Wallace (apud MOUNCE, 2009, pp.
37, 38) declara que “duas perguntas, ambas com relevância teológica, devem vir
à mente: (1) por que θεóς foi transportado para o início da
oração? E (2) por que está sem artigo?” Respondendo a primeira pergunta, Bruce
diz que a intenção de João aqui é expressar “[...] que a Palavra [ou Verbo]
compartilhava a natureza e o ser de Deus” (1983, p. 31) [59].
Isto concorda com o pensamento de Wallace (apud
MOUNCE, 2009, p. 38), o qual afirma que a posição enfática das palavras
ressalta a essência ou qualidade do sujeito. Tanto Wallace (1996, p. 269)
quanto Bruce (1983, p. 31) apontam para a tradução “O que Deus era, a Palavra
era” como uma boa interpretação para expressar a força dessa ordem de palavras.
A posição de que theós em João
1.1c deva ser tomado como qualitativo tem encontrado algumas críticas, na
maioria das vezes baseadas numa má interpretação da regra de Colwell. Embora
Colwell tenha afirmado que um predicado nominativo, sendo, a partir do
contexto, provavelmente definido, quando precedendo um verbo habitualmente
aparecerá sem o artigo, muitos têm generalizado e entendido que um predicado
nominativo, simplesmente por anteceder o verbo, deve ser, freqüentemente,
tomado como definido. Wallace descreve um acontecimento que lança bastante luz
acerca deste mau entendimento:
Quarenta anos depois do artigo de Colwell ter
aparecido no JBL, o ensaio de Philip
B. Harner foi publicado no mesmo jornal. Harner apontou que “Colwell estava
quase inteiramente interessado na questão de se os substantivos predicados
anártros eram definidos ou indefinidos, e ele não discutiu em qualquer extensão
o problema de sua significação qualitativa.” Isto foi provavelmente devido ao
fato de que muitos gramáticos antigos não
viam distinção entre substantivos qualitativos e substantivos definidos (1996,
p. 259).[60]
Precisamos lembrar que “quando um substantivo é anártro, ele pode ter uma
das três forças: indefinido, qualitativo, ou definido” (WALLACE, 1996, p. 243) [61].

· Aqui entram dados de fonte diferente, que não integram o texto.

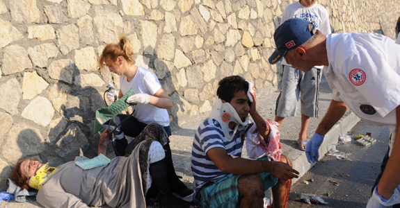 Hurdaya dönen araçları görenler kazayı polis ve sağlık ekiplerine bildirdi. Çevre güvenliğini alan polis ekipleri yolu tek şeride indirdi. İhbar üzerine gelen acil yardım ekiplerinin müdahalesinin ardından, aralarında üniversite öğrencilerinin de bulunduğu yaralı 17 kişi çeşitli hastanelere kaldırıldı. Yaralılardan emekli polis memuru Hüseyin Öztaş (56) ve Azerbaycan uyruklu öğrenci Nurlan Muhammed Hüseyinov, İzmir Eğitim ve Araştırma Hastanesi'ne; Necati Güneysu, Melek Güneysu (19) ve Seyfi Ahmet Dumlu (38), Atatürk Eğitim ve Araştırma Hastanesi'ne; Ali Demir (53), Şerif Çetiner (27), Kemal Mercan (38) ve kimliği belirsiz 1 kişi, Tepecik Eğitim ve Araştırma Hastanesi'ne; Kübra Turan (19), Hasan Turan (55), Azerbaycan uyruklu öğrenci Elcin Marimanov (19), Dokuz Eylül Üniversitesi Hastanesi'ne; Mustafa Alkan (64), Ayşe Alkan (65) ve Celalettin Coşkun (52), Ege Üniversitesi Hastanesi'ne; servis sürücüsü Avni Çobanoğulları ve Nazife Karaca (49), Alsancak Devlet Hastanesi'ne kaldırıldı. Emekli polis Öztaş ile Tepecik'e kaldırılan ismi belirsiz kişinin durumlarının ağır olduğu öğrenildi.

Ao deixar de abordar o problema da significação qualitativa, o próprio Colwell,
ao que parece, acabou contribuindo para um posterior mau uso de sua regra.
Digno de nota, também, é o destaque de Wallace ao fato de Harner ter produzido
“[...] evidência de que predicados nominativos anártros pré-verbais são
usualmente qualitativos – não definidos nem indefinidos. Suas descobertas, em
geral, foram de que 80% das construções de Colwell envolviam substantivos qualitativos
e apenas 20% envolviam substantivos definidos” (1996, p. 259) [62].
Uma comparação entre João 1:1c e João 1:14 também se apresenta como
grande auxílio para compreendermos o que se pretende expressar ao tomarmos theós como qualitativo. Wallace (1996, p.
269) sustenta que ambas as passagens “[...] enfatizam a natureza do verbo e não
sua identidade. [...]θεóς era sua
natureza desde a eternidade (daí, εἰμί
ser usado), enquanto σάρξ foi acrescentada na encarnação (daí, γίνομαι ser usado).” [63] Assim,
seguindo o que já dissemos até aqui, atribuindo a theós um peso qualitativo asseveramos a essência do Verbo (ele
compartilha indistintamente dos mesmos atributos do Pai) sem contestar de
maneira alguma Sua deidade, e neste caso a tradução de Moffatt (de que o Verbo
é “divino”) seria aceitável apenas se o tomássemos como “[...] um termo que
pode ser aplicado tão somente à
verdadeira deidade”[64],
diferindo do uso moderno que o aplica “[...] com referência aos anjos, [em
inglês] aos teólogos, e até mesmo a comida” (WALLACE, 1996, p. 269) [65].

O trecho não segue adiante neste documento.